Ab Mittwoch wird das neue Lungenkrebsscreening für starke Raucherinnen und Raucher eingeführt. Anspruch auf die kostenlose jährliche Untersuchung haben gesetzlich Krankenversicherte im Alter von 50 bis 75 Jahren, die mindestens 25 Jahre lang stark geraucht haben oder noch rauchen. Die neue Früherkennung per Niedrigdosis-Computertomografie soll dabei helfen, Lungenkrebs schon in einem frühen, besser behandelbaren Stadium zu erkennen. Profitieren könnten laut Deutscher Gesellschaft für Pneumologie und Beatmungsmedizin (DGP) rund 5,5 Millionen aktuelle und ehemalige Raucher.

Als „Meilenstein“ bezeichnete der Radiologe und Nuklearmediziner Jörg Barkhausen von der Uniklinik Lübeck die Einführung des Screenings bei einer DGP-Veranstaltung. Zum Stichtag 1. April könne die Untersuchung allerdings noch nicht flächendeckend angeboten werden. Zwar hätten mehr als 2.000 Radiologinnen und Radiologen die Fortbildung für das Screening bereits begonnen und größtenteils auch abgeschlossen, jedoch sei für die Nutzung spezieller CT-Geräte eine Genehmigung durch die zuständige Aufsichtsbehörde erforderlich, die zum Teil noch ausstehe.  Die neue Leistung dürfe ausschließlich von Fachpraxen und Fachkliniken angeboten werden, deren Ärztinnen und Ärzte besondere Qualifikationen erfüllen müssten, sagte die stellvertretende Leiterin des Stabs Medizin im AOK-Bundesverband, Christiane Roick, zu G+G. 

Auch DGP-Akademieleiter Mathias Borst dämpfte die Erwartungen an einen schnellen Start. Hausärztinnen und Hausärzte könnten erst ab Mitte April für die Patienteninformationen zum Screening geschult werden.
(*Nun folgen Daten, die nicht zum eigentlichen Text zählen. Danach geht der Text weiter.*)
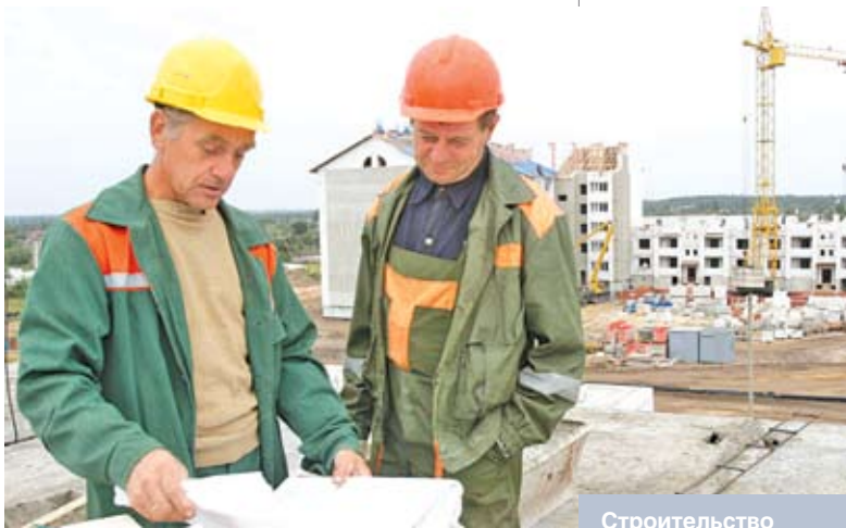
Строительство жилья в г.п. Лельчицы Гомельской области

– 2010 год стал весьма непростым для белорусско-российских отношений. Вместе с тем Российская Федерация по-прежнему остается для нас приоритетным торгово-экономическим партнером. На ее долю по итогам 7 месяцев 2010 года приходится 47,8 %

Die Implementierung in der Ärzteschaft sowie bei den Patientinnen und Patienten werde Monate und Jahre dauern. Der Gemeinsame Bundesausschuss (GBA) hatte Mitte 2025 beschlossen, die Maßnahme in den Leistungskatalog der gesetzlichen Krankenversicherung aufzunehmen. In seiner Patienteninformation weist der GBA auch auf mögliche Nachteile hin. So könne die Früherkennung zu unnötigen Untersuchungen und Behandlungen führen, die körperlich, aber auch psychisch belastend sein könnten.
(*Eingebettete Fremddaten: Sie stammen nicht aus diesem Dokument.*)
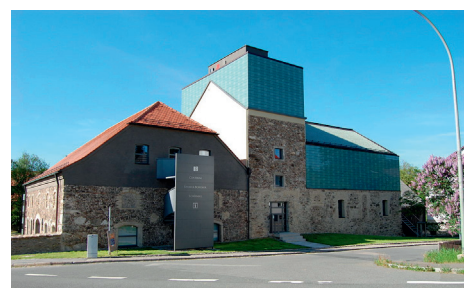
▲ Centrum Bavaria Bohemia

Voraussetzung für die Screening-Teilnahme ist starker Zigarettenkonsum über eine Dauer von mindestens 25 Jahren, wobei Rauchpausen innerhalb dieser Zeit nicht länger als zehn Jahre gedauert haben dürfen. Zudem muss der Zigarettenkonsum mindestens 15 „Packungsjahre“ umfassen. Ein Packungsjahr entspricht dem Konsum von 20 Zigaretten pro Tag über ein Jahr hinweg. „Eine Früherkennung senkt das Risiko für Lungenkrebs nicht – ein Rauchstopp hingegen schon“, betonte Roick. Ein Rauchstopp sei auch deshalb sinnvoll, weil Rauchen neben dem erhöhten Krebsrisiko auch chronische Lungenerkrankungen verursachen und das Herz-Kreislauf-System schädigen könne. 

Foto: Ein Mann und eine Frau stehen einer Gesundheitsfachkraft oder Ärztin gegenüber.